Mężczyzna podszedł do dużej szafy na ubrania. Otworzywszy ją zajrzał do środka. Ani śladu chłopca. Przeszedł się po pokoju. Marcel spod łóżka dokładnie widział każdy krok mężczyzny. Wystraszył się, gdy spostrzegł, że Marek pochyla się ku podłodze.
- Tu się schowałeś - rzekł mężczyzna wsuwając ręce pod łóżko. - No już... Wychodź stamtąd - dodał próbując chwycić malca.
Marcel nie zamierzał tak łatwo się poddać. Prześlizgnął się pod samą ścianę, tak by ojciec nie mógł go sięgnąć. W końcu i to nie pomogło. Mężczyzna złapał Marcela za nogę, po czym wysunął go spod łóżka.
- Warto było się chować? - rzekł Marek z uśmiechem przyglądając się Marcelowi. Od razu zauważył, że mały jest do niego podobny. Mieli takie same oczy, łuk brwiowy oraz jednakowo podkręcone rzęsy. Chłopiec unikał wzroku ojca. Wpatrywał się w podłogę. Chciał, aby Marek jak najszybciej wrócił skąd przyjechał.
- Ale jesteś do mnie podobny - rzekł Marek. - Mama powiedziała ci, dlaczego nie odzywałem się przez te wszystkie lata? - spytał wpatrując się w Marcela jak w obrazek.
Chłopiec nic nie odpowiedział. Skierował wzrok na Danielę. Przegryzł zębami dolną wargę.
- Nie bój się mnie - rzekł Marek. - Nie zrobię ci krzywdy. Nie wiedziałem, o twoim istnieniu. Dlatego nie mieliśmy ze sobą kontaktu, ale teraz to się zmieni, synku - dodał życzliwie uśmiechając się do malca. - Ale duży chłopak z ciebie.
- W lipcu skończy jedenaście lat - odezwała się Daniela.
- Ale ten czas leci.

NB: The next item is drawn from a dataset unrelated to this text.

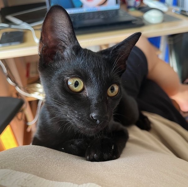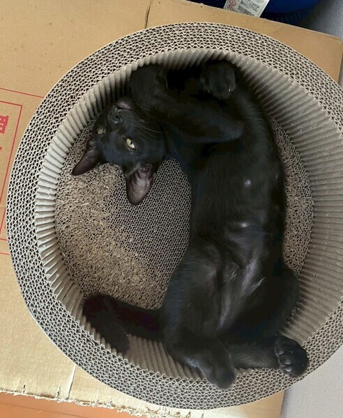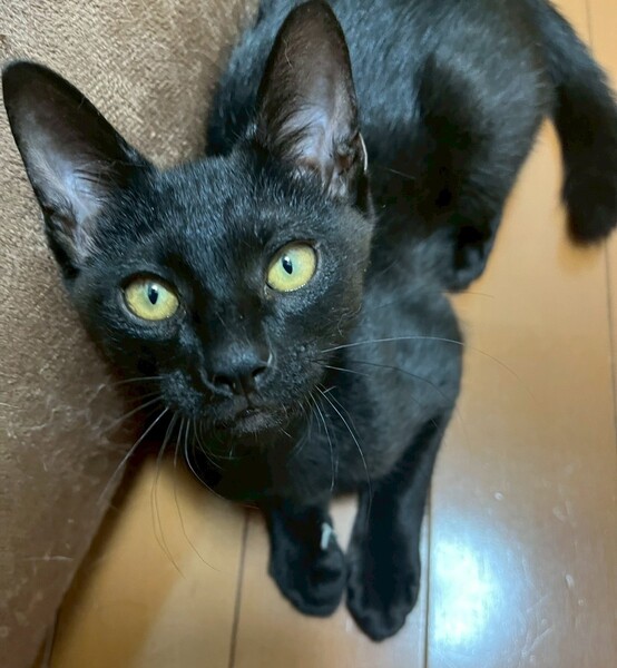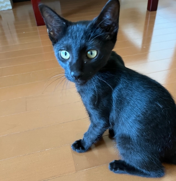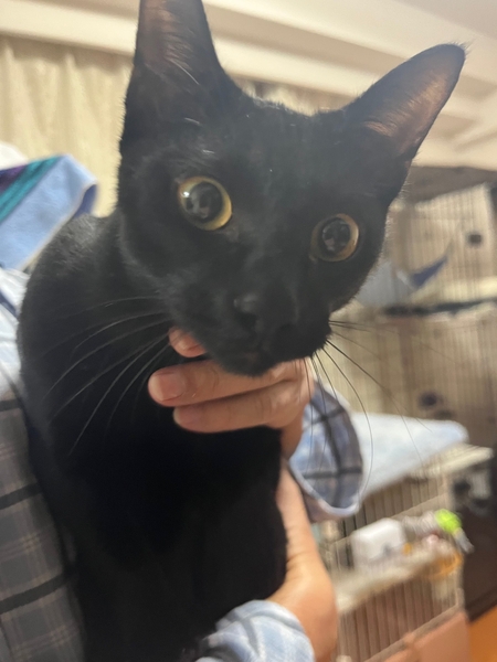 | 特徴(性格など) | 2025.3.24生まれ(推定) 毛色:黒 真っ黒の格好いい、元気いっぱいの男の子です。 預かり2日目から膝の上、体の上に乗ってくるほど人が大好きです。 好奇心旺盛で何にでも興味を持ちます。 最近は仮ママさんのお腹の上がお気に入りです。 ちょっと面白い鳴き声でご飯を要求してきます。 いつも兄弟の伊佐次郎とじゃれ合い、追いかけっこをしています。 |

Mamy tyle do nadrobienia!
- Nic nie będziemy nadrabiać - rzekł Marcel. - Nie potrzebuję taty - dodał po chwili.
- Co takiego? - zdziwił się Marek. - Potrzebujesz. Tylko jeszcze o tym nie wiesz - rzekł mężczyzna z uwagą wpatrując się w błyszczące oczy syna.
- Zostawię was - odparła Daniela wstając z łóżka.
- Mamo, nie! - krzyknął Marcel rozpaczliwym głosem. - Zostań - dodał ciszej.
- No dobrze - odparła siadając z powrotem.
- Powiedz mi, Marcel, jak sobie radzisz w szkole?
- Nie muszę panu tego mówić - odparł malec marszcząc brwi.
Mężczyźnie odjęło mowę. Zupełnie nie spodziewał się usłyszeć z ust syna tak hardo wypowiedzianych słów. Ze złością spojrzał na Danielę.
- Nastawiłaś go przeciwko mnie! - rzekł wzburzony.
- Wcale nie! - krzyknęła.
- To dlaczego chowa się przede mną pod łóżkiem? Potem się nie odzywa? A jak już się odezwie to w taki sposób?
- Daj mi spokój! Jego spytaj, a nie mnie! - odparła. - A ty grzeczniej rozmawiaj z ojcem! - dorzuciła zwracając się do syna.
- Nie jest moim ojcem - rzekł z zaciśniętymi zębami.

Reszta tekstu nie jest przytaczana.